___ DATA SECTION
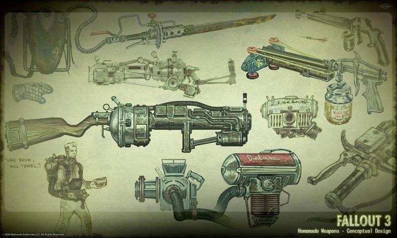 Oyun artık FPS olduğu için silahlara özellikle özen gösterilmiş. Her silahın kendine has bir kullanış zevki var ama hepsini birden kullanmak yerine aralarından birkaç tanesini seçip o silahlar üzerine uzmanlaşmak iyi bir savaşçı olmak için olmazsa olmaz bir adımı oluşturmakta. Oyunda eski serilerden de hatırlayacağımız Av tüfeği (hunting rifle), yarı-otomatik tüfek(submachine gun), otomatik tüfek (assault rifle) gibi silahlar yine ilk karşılaştığımız silahlar olacaklar. Kolay bulunabilir silahlar olmaları ve cephane sıkıntısının az olması ilerde de kullanmamızı gerektirecek. Ama eğer daha ağır silahlardan hoşlanıyorsanız ağır makineli(minigun), roket atar(rocket launcher), alev silahı(flamer), lazer silahları(laser pistol-rifle, gatling laser) ve plazma silahları (plasma pistol-rifle) gibi silahlar da bulunmaktalar. Hatta ilk oyunda bulmak ve kullanmak için bir hayli uğraştığımız ağır makineli, ilk 1-2 saat içerisinde elimize geçiyor. Tabi bir süper mutant öldürmek kaydı ile :) Bir de roket atarın bir üst seviyesi şeklinde dizayn edilmiş ve küçük atom bombaları fırlatabilen bir silah var ki... Deneyin ve görün.! Fallout 3'te patlama efektlerine özellikle dikkat edildiği için bu silahı kullanmak ayrı bir zevke dönüşüyor. Az önce bahsettiğimiz şematik gerektiren silahlar ise ayrı bir eğlence. İşte bunlardan bazıları:
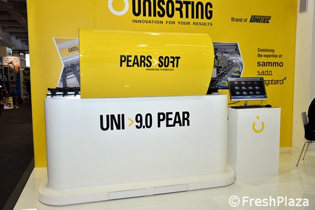 Come noto, le pere sono prodotti pregiati ma delicati: per trattarli con gentilezza, il gruppo Unitec (in questo caso sotto il suo marchio Unisorting) ha sviluppato un sistema di trasporto completamente diverso per evitare di danneggiarli. Pear Sort lavora effettuando una doppia visione del frutto, "inquadrato" da una prospettiva, poi da un'altra. Le immagini così ottenute vengono istantaneamente comparate da un sistema elettronico. Ciò consente di rilevare non solo eventuali difetti esterni ma, ancor più importante, pecche interne al frutto che potrebbero comprometterne la spendibilità commerciale. Il tutto nonostante la forma irregolare delle pere.
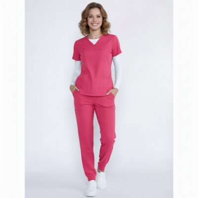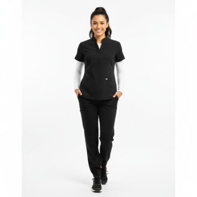 Amazing stretch! I can move freely all day without any pulling. The fabric is breathable and holds its shape perfectly, even through long shifts. My favorite set yet
______
▸ YOUR INSTRUCTIONS
For the data above, return an exact copy that contains no pictures.

▸ WRITTEN SOLUTION
 Oyun artık FPS olduğu için silahlara özellikle özen gösterilmiş. Her silahın kendine has bir kullanış zevki var ama hepsini birden kullanmak yerine aralarından birkaç tanesini seçip o silahlar üzerine uzmanlaşmak iyi bir savaşçı olmak için olmazsa olmaz bir adımı oluşturmakta. Oyunda eski serilerden de hatırlayacağımız Av tüfeği (hunting rifle), yarı-otomatik tüfek(submachine gun), otomatik tüfek (assault rifle) gibi silahlar yine ilk karşılaştığımız silahlar olacaklar. Kolay bulunabilir silahlar olmaları ve cephane sıkıntısının az olması ilerde de kullanmamızı gerektirecek. Ama eğer daha ağır silahlardan hoşlanıyorsanız ağır makineli(minigun), roket atar(rocket launcher), alev silahı(flamer), lazer silahları(laser pistol-rifle, gatling laser) ve plazma silahları (plasma pistol-rifle) gibi silahlar da bulunmaktalar. Hatta ilk oyunda bulmak ve kullanmak için bir hayli uğraştığımız ağır makineli, ilk 1-2 saat içerisinde elimize geçiyor. Tabi bir süper mutant öldürmek kaydı ile :) Bir de roket atarın bir üst seviyesi şeklinde dizayn edilmiş ve küçük atom bombaları fırlatabilen bir silah var ki... Deneyin ve görün.! Fallout 3'te patlama efektlerine özellikle dikkat edildiği için bu silahı kullanmak ayrı bir zevke dönüşüyor. Az önce bahsettiğimiz şematik gerektiren silahlar ise ayrı bir eğlence. İşte bunlardan bazıları:
 Come noto, le pere sono prodotti pregiati ma delicati: per trattarli con gentilezza, il gruppo Unitec (in questo caso sotto il suo marchio Unisorting) ha sviluppato un sistema di trasporto completamente diverso per evitare di danneggiarli. Pear Sort lavora effettuando una doppia visione del frutto, "inquadrato" da una prospettiva, poi da un'altra. Le immagini così ottenute vengono istantaneamente comparate da un sistema elettronico. Ciò consente di rilevare non solo eventuali difetti esterni ma, ancor più importante, pecche interne al frutto che potrebbero comprometterne la spendibilità commerciale. Il tutto nonostante la forma irregolare delle pere.
 Amazing stretch! I can move freely all day without any pulling. The fabric is breathable and holds its shape perfectly, even through long shifts. My favorite set yet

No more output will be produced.